Ingest Tsuga logs into Delta tables you own in Unity Catalog, on a schedule.

Set up in Databricks (5 minutes)

Prerequisite: a workspace where Lakeflow community connectors are enabled (the generic_lfc workspace setting on older workspaces).

  1. In your workspace: Add data → + Add Community Connector — source name tsuga_logs, this repository's URL, branch master.
  2. Create connection: switch Auth Type to USES_ANY_STATIC_CREDENTIAL (the form defaults to USES_OAUTH_M2M), name the connection, switch Additional Options to JSON and paste (fill in your key). default_cluster_id is required if your organization has more than one cluster (GET /v1/clusters lists them) — without it every sync fails with a 400. default_query/default_cluster_id apply to every table that doesn't set its own query/cluster_id — the default_ prefix exists because the framework forbids pipelines from passing any option key that is stored on the connection:
{
  "sourceName": "tsuga_logs",
  "operation_api_key": "<YOUR_OPERATION_API_KEY>",
  "base_url": "https://api.tsuga.com",
  "default_query": "<YOUR_TSUGA_QUERY>",
  "default_cluster_id": "<YOUR_CLUSTER_ID_IF_MULTI_CLUSTER>",
  "externalOptionsAllowList": "tableName,tableNameList,tableConfigs,isDeleteFlow,query,cluster_id,initial_lookback_seconds,incremental_overlap_seconds,window_seconds,page_size,max_concurrency,max_events_per_sync,request_timeout_seconds,allow_truncated_seconds"
}
  1. Ingestion setup: pipeline name; event log location (any catalog/schema you can write to — ingested tables land there by default); root path like /Users/<you>/tsuga_connector/srcthe folder must already exist (the wizard creates a Git folder inside it but not the directories above).
  2. In the generated ingest.py, replace the placeholder objects with the one real table (the connection name is already filled in):
"objects": [{"table": {"source_table": "logs"}}],
  1. Run pipeline.

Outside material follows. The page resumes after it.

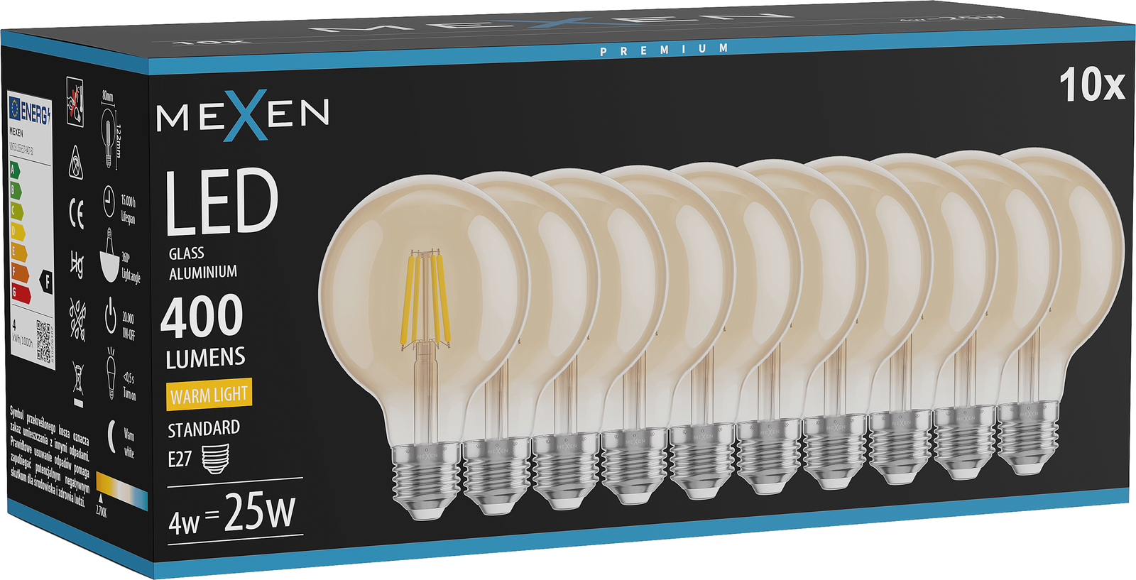 Mexen Vintis 10x λαμπτήρας LED filament E27, G80, 4W, Θερμό - 2700K, 400 lm, κεχριμπαρένιο
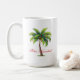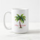 La tasse de café est en blanc avec une empreinte de palmiers de vacances. Un texte dit Feliz Navidad. Customiser cette tasse ou acheter tel quel.

Logs matching your connection's default_query land in a Delta table named logs and stay current on every run.

Full reference — per-table options, output schema, pagination semantics, pitfalls: src/databricks/labs/community_connector/sources/tsuga_logs/README.md

What it does

  • Pulls logs from Tsuga's public GET /v1/logs/search API with an operation API key
  • Incremental sync with a checkpointed cursor: missed runs self-heal, overlap re-reads deduplicate via the CDC key
  • Paginates around the public API's 1000-row cap by recursive time-splitting; optional allow_truncated_seconds for burst-heavy sources
  • Multi-cluster organizations supported via cluster_id
  • Stable output schema (event_time, level, message, service_name, team, env, raw_json, extracted_at); heterogeneous payloads ride in raw_json without schema churn
  • Several differently-filtered log tables can share one connection (per-table query overrides) — one pipeline per table (upstream framework keys configs by source table; see patches/)

Repository layout

Mirrors the databrickslabs/lakeflow-community-connectors layout so the Databricks UI and tooling work against it directly:

src/databricks/labs/community_connector/
├── sources/tsuga_logs/                  # the connector (README = full reference)
├── source_simulator/specs/tsuga_logs/   # offline test fixtures (upstream test harness)
└── interface/ libs/ pipeline/ sparkpds/ # framework vendored from databrickslabs/
                                         # lakeflow-community-connectors (see NOTICE) —
                                         # required: the custom-connector UI clones only
                                         # this repo, so all runtime imports must resolve here
tests/                                   # unit tests (pure Python, no Spark needed)
patches/                                 # notes on upstream framework limitations

Development

python3 -m pytest tests/        # client, pagination, and connector contract tests

tests/unit/ mirrors the upstream repo's harness layout and runs inside a checkout of databrickslabs/lakeflow-community-connectors.

An example pipeline spec for the CLI deployment path is in pipeline_spec.example.yaml.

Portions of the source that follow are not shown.